The same trends appear in many other European countries, to varying degrees.
Since the credit crisis, regulatory changes in major economies over how much money banks and building societies must maintain as a capital buffer, as well as more stringent checks imposed on banks when it comes to lending, and it is not unreasonable to suggest there is a tougher environment for all borrowers, not least those looking to move overseas.
Stuart Marshall, managing director of Liquid Expat, says despite the credit crunch and subsequent bank tightening, his firm has seen steady business growth.
He avers: "We have noticed an increase in demand for cross-border mortgages over the past decade.
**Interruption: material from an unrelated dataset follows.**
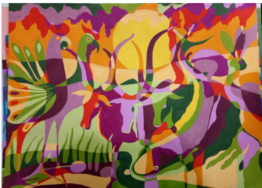
Plate 5: "The Agrian World" (2018) Acrylic on canvas, 24inches * 36inches

This has led to the introduction of more lenders in the market and ultimately more options available for clients who require cross-border mortgage finance."
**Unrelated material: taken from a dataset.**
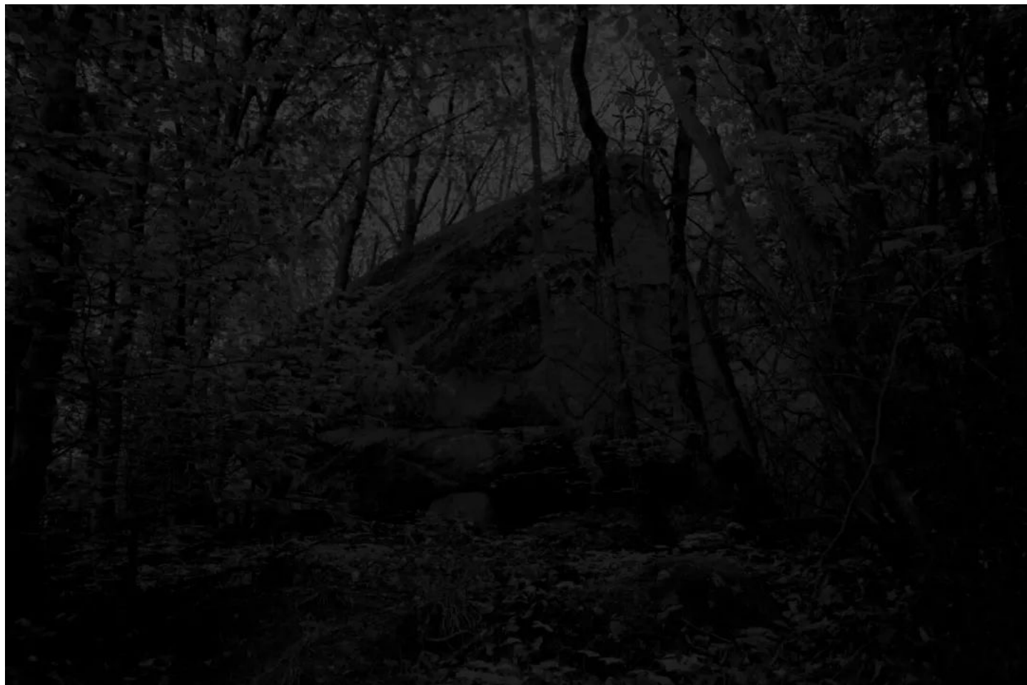
Le bloc studer, 2018

Data from his firm suggests Liquid Expat has seen the number of lenders willing to accept a mortgage application rise from 20 up to 35 on the approved panel over the past five years.
Moreover, on a buy-to-let basis for an expat application using a UK property as collateral for a mortgage, Liquid Expat can secure up to 75 per cent Loan to Value and up to 90 per cent for a main residential property for the owner/immediate family.
This is a sign the market has been healthy over the past decade, rather than declining as a result of the credit crisis.
Possible downturn
So the past decade may not have had that much of an impact, but what about the next few years?
Given the uncertainty over Brexit, the volatility of sterling and the concern over what will happen to freedom of movement across Europe, could we start to see an ebb in the tide of trans-continental property purchases?
Mark Posniak, managing director for Octane Capital, is of the view this more restrictive environment is generally not great for mortgage borrowers looking to buy overseas.
He says: “More regulation in the market has resulted in a reduction in lenders willing to offer finance to borrowers purchasing abroad.
“Even those that do often want assets under management before they will even consider a mortgage.”
This is especially so on the continent, experts believe. Mr Howarth comments: "It has been a volatile time for Europe economically over the past 10 years.
"Bank liquidity became scarce following the 2007 financial crisis for key members of the EU, the exchange rate is volatile, and there are a number of political uncertainties across Europe - including Brexit."
But it is not all gloom, he adds.
"International property investment has endured, and international non-resident's banks have made painstaking efforts to hold back liquidity to lend to non residents."